と昔の直樹の性格には到底思えない簡潔で命令口調なメッセージが届き、俺は余計に混乱が生じてしまった。


 俺はどう返信しようかとか、どう謝ればいいか…等相手を慮り、謝罪の気持ちを述べようと頭を働かせていたのにその相手の気持ちや都合を無視するかのような命令口調の物言いに少し怒りが芽生えてしまい、つい『おい、久しぶりなのにいきなりそんな事言われても…。』とつい反射的につい送ってしまい、少し焦ったがここまで直樹の事で狼狽してたのにそれを無碍にされた気がして感情に身を任せてしまった…。


 俺は反省をしたが今ならあの時のことを謝れるかもと思い、彼の返信が来たら今度こそ謝ろうと決心してメッセージが届くのを待った。


 ピロン…


 メッセージ音が今ざわついてる脳内に響く。


 俺は慌ててメッセージを見る。


 『ざぁ…ざぁ…ざぁ…。』


 言葉では無く、擬音が書かれているメッセージが届き、それを見た俺は何故か安堵する。

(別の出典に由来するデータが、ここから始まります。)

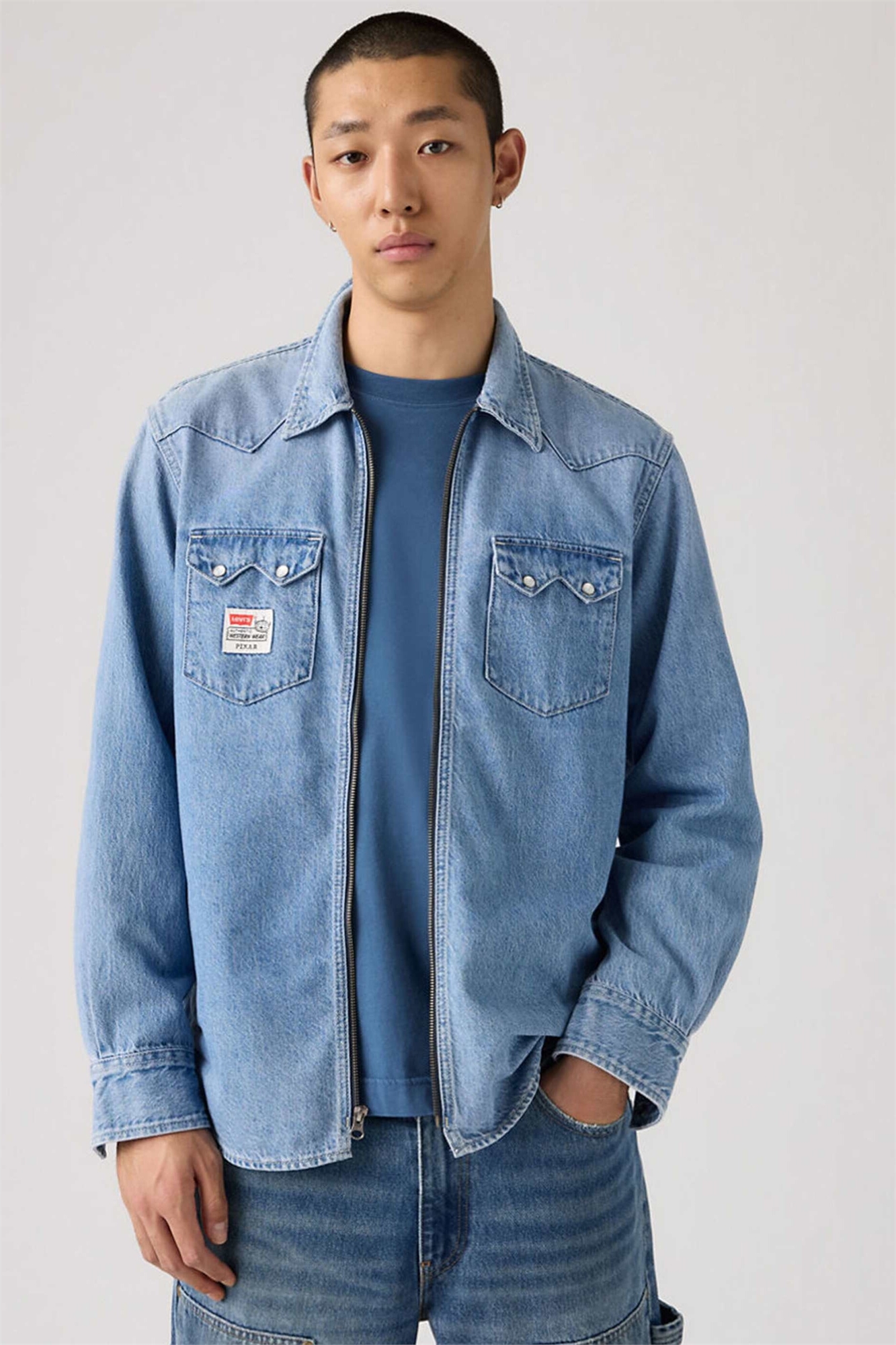 Неэластичный деним: светло-голубой оттенок Основной материал: 100% хлопок.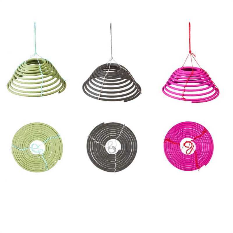 Spiral Bug Deterrents are effective against insects and safe for use around food, children and pets. Set of 3 coils in vivid summer colors; lime, pink and grey. Each citronella spiral burns for approximately 14 hours (42 hours total for set).

 なんだ…俺を誂っているってことはきっと直樹は許してくれているんだ…だけど久々で何話すか困惑している俺に気を遣っているんだと…いかにも自分勝手な解釈だがそう頭で変換しないと恐怖でおかしくなりそうだったが、己の勝手に脆弱している精神をなんとか奮い立たせ、直樹に『どうした?言いにくいことか?』と心配している風を装い返信を待つ。

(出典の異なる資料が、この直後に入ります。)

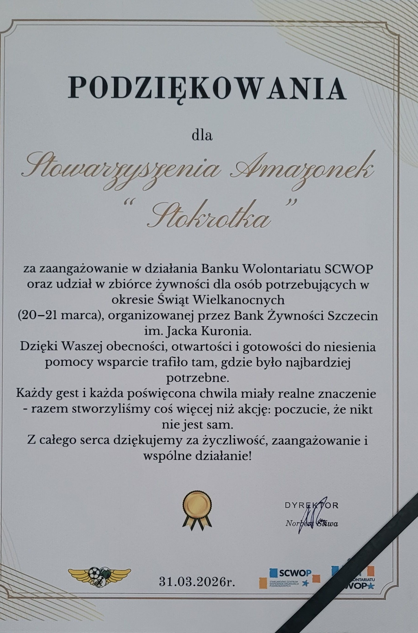 W trakcie spotkania z rąk Dyrektora DKKOL Pana Norberta Śliwa otrzymaliśmy piękne podziękowania za udział w zbiórce żywności.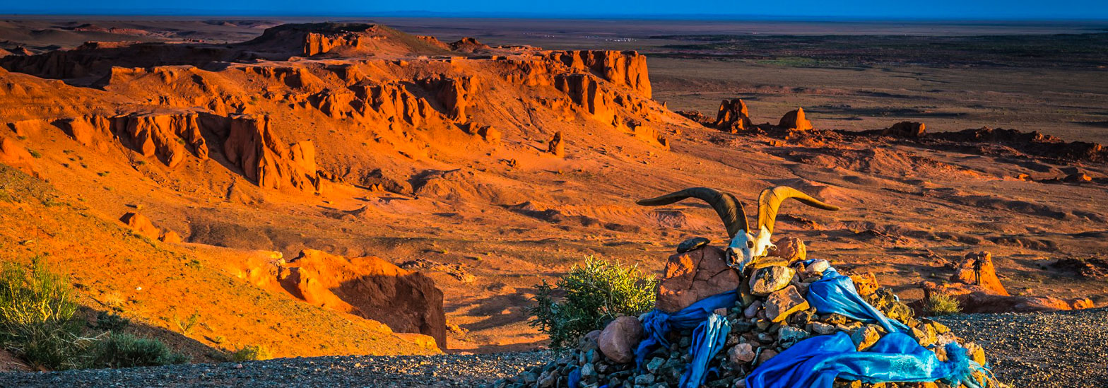 Begin your day with a scenic drive to Bayanzag, also known as the "Flaming Cliffs," for its remarkable red soil that radiates in the sunlight. Marvel at the famous dinosaur fossils and eggs dating back to the Cretaceous period. Next, head to Ongiin Khiid, a historic Buddhist Temple established in 1660 in the Dundgovi province. Discover the rich cultural heritage of the temple that once housed over 1000 monks and 4 Buddhist universities. Witness the rebuilding efforts of the temple after its destruction in the 1939 purges. Enjoy a delicious lunch at a local ger camp and spend the afternoon exploring the Ongy Monastery and its museum. End the day by taking in the breathtaking sunset from the top of the Saikhan Ovoo Mountain. Rest easy at the cozy ger camp for the night. (B/L/D)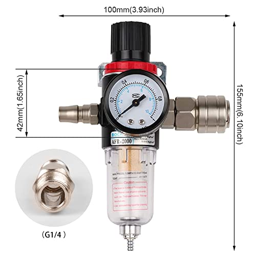 ✔【dimensione】Dimensioni della porta di ingresso e uscita del regolatore: 1/4" BSP, può filtrare piccole particelle, mantenere l'aria pulita. Piccole dimensioni, leggero, facile installazione e manutenzione.

 数秒で返信が来てもしかしたらこのまま相談の形になり、直樹との気まずい仲を払拭できるんだと期待したままメッセージを読んだ。


 『ここに…いる。きてほしい…ここ…ここ…。』


 このメッセージと共に1枚の画像も送られてきた。


 俺は少し不安になったが、あいつが手の込んだイタズラをするなんてと微笑ましくもあり…なんというか様々な感情が頭でかき混ぜられるかの如く目まぐるしく変貌してくのを感じて、俺はそんな直樹に許してもらいたかったのかと自らを嘲笑う程心の余裕もでき、俺は共にいた頃の直樹の笑顔を思い浮かべて、少しニヤついた。


 送られた画像は何なのか…はてさて、どんな写真が来たのだろうかと期待しながら余裕の心持ちで画像を開く。

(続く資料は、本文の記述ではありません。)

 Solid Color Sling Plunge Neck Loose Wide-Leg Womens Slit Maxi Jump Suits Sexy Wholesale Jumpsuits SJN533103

 何処かの暗い部屋の様な場所が写し出されている写真で床はボロボロ、障子が破れている襖が斜めに乱雑に置かれてあり、ガラスがあったであろう窓枠にはガラスの割れた後しか残っておらず、明らかに廃墟の一室を撮ったのは間違いなさそうだ。


 直樹が廃墟で撮った写真を俺に送った上にここに来いと呼んでいる…意味がわからないがもしかしたら直樹は理由は分からないが廃墟探索に向かい迷ってしまったのではないかと不安になり、『そこは何処だ?迎えに行こうか?』と素直な気持ちを返信した。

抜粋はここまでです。